→ **The records**
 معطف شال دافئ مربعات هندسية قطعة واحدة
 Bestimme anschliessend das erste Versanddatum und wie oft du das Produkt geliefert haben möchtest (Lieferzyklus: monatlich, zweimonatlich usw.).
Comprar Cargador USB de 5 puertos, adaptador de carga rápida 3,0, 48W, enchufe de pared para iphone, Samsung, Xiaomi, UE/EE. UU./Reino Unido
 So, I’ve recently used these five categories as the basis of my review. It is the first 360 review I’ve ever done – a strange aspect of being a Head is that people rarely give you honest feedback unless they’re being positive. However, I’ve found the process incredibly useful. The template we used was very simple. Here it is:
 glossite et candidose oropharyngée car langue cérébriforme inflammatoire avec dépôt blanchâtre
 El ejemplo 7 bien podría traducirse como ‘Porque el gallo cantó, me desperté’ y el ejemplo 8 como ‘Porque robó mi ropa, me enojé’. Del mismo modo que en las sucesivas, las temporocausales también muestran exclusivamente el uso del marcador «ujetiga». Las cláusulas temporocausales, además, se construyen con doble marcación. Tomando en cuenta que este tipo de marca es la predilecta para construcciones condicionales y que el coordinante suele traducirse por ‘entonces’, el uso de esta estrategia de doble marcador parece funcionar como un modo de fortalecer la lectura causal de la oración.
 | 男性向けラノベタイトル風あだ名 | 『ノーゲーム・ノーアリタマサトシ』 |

* * *

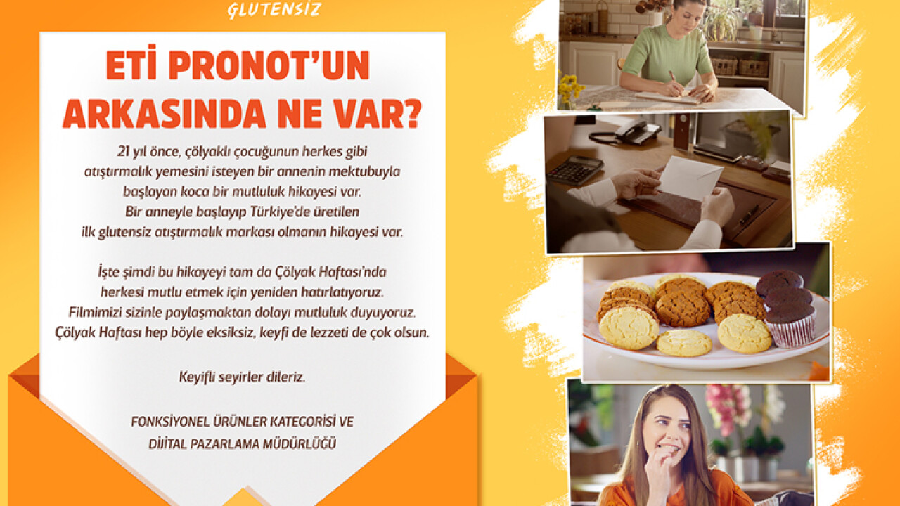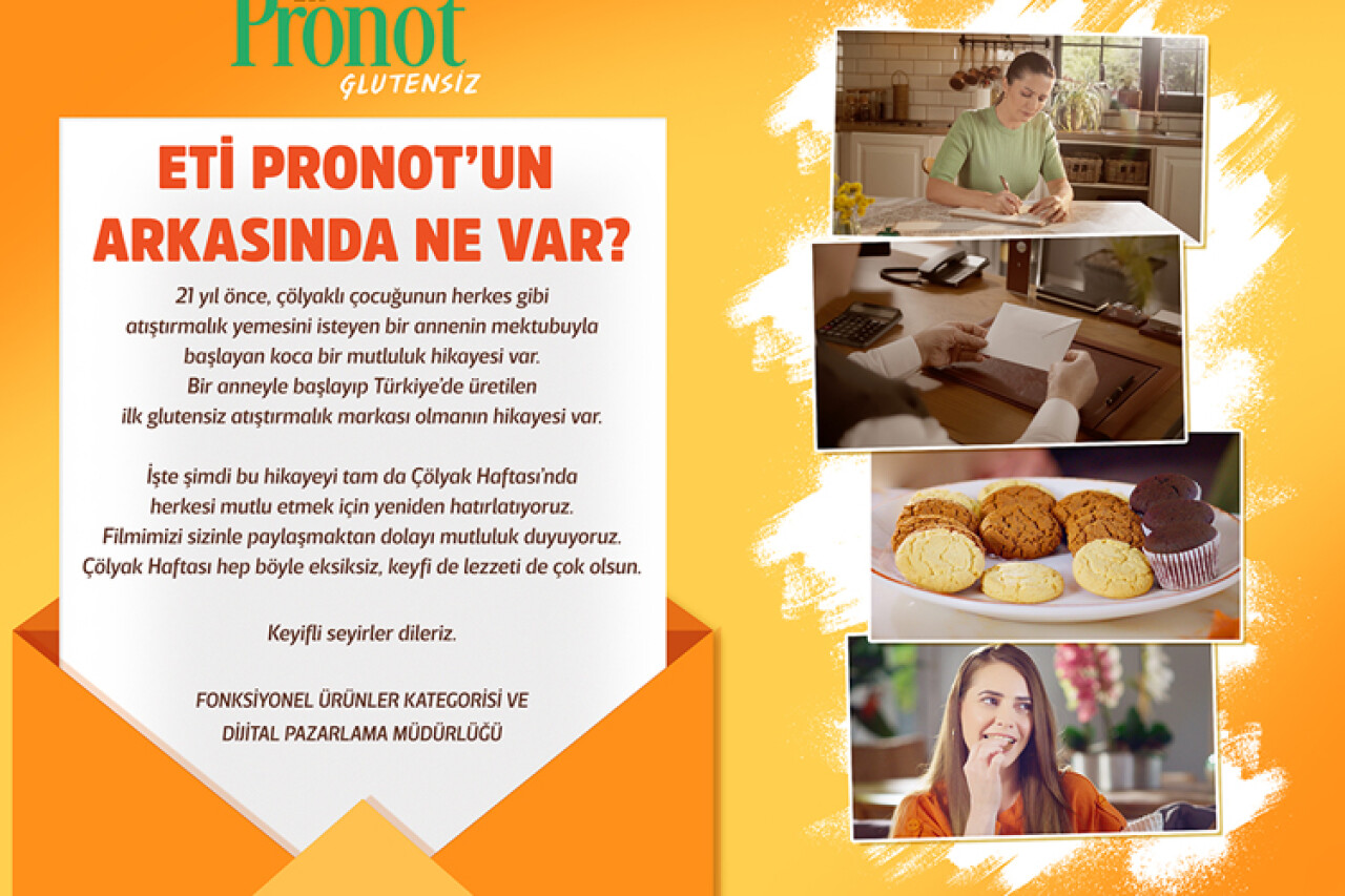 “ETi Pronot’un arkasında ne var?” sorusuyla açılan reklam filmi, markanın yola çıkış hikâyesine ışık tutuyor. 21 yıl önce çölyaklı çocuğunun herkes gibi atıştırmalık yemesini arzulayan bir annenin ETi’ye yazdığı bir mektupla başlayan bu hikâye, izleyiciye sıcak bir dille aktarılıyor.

→ **What you need to do**
Set down exactly the lines of the data above, beginning with the line that has "So, I’ve recently" and ending with the line that has "男性向けラノベタイトル風あだ名 | 『ノーゲーム・ノーアリタマサトシ』 |", and no others.

→ **Answer to this task**
 So, I’ve recently used these five categories as the basis of my review. It is the first 360 review I’ve ever done – a strange aspect of being a Head is that people rarely give you honest feedback unless they’re being positive. However, I’ve found the process incredibly useful. The template we used was very simple. Here it is:
 glossite et candidose oropharyngée car langue cérébriforme inflammatoire avec dépôt blanchâtre
 El ejemplo 7 bien podría traducirse como ‘Porque el gallo cantó, me desperté’ y el ejemplo 8 como ‘Porque robó mi ropa, me enojé’. Del mismo modo que en las sucesivas, las temporocausales también muestran exclusivamente el uso del marcador «ujetiga». Las cláusulas temporocausales, además, se construyen con doble marcación. Tomando en cuenta que este tipo de marca es la predilecta para construcciones condicionales y que el coordinante suele traducirse por ‘entonces’, el uso de esta estrategia de doble marcador parece funcionar como un modo de fortalecer la lectura causal de la oración.
 | 男性向けラノベタイトル風あだ名 | 『ノーゲーム・ノーアリタマサトシ』 |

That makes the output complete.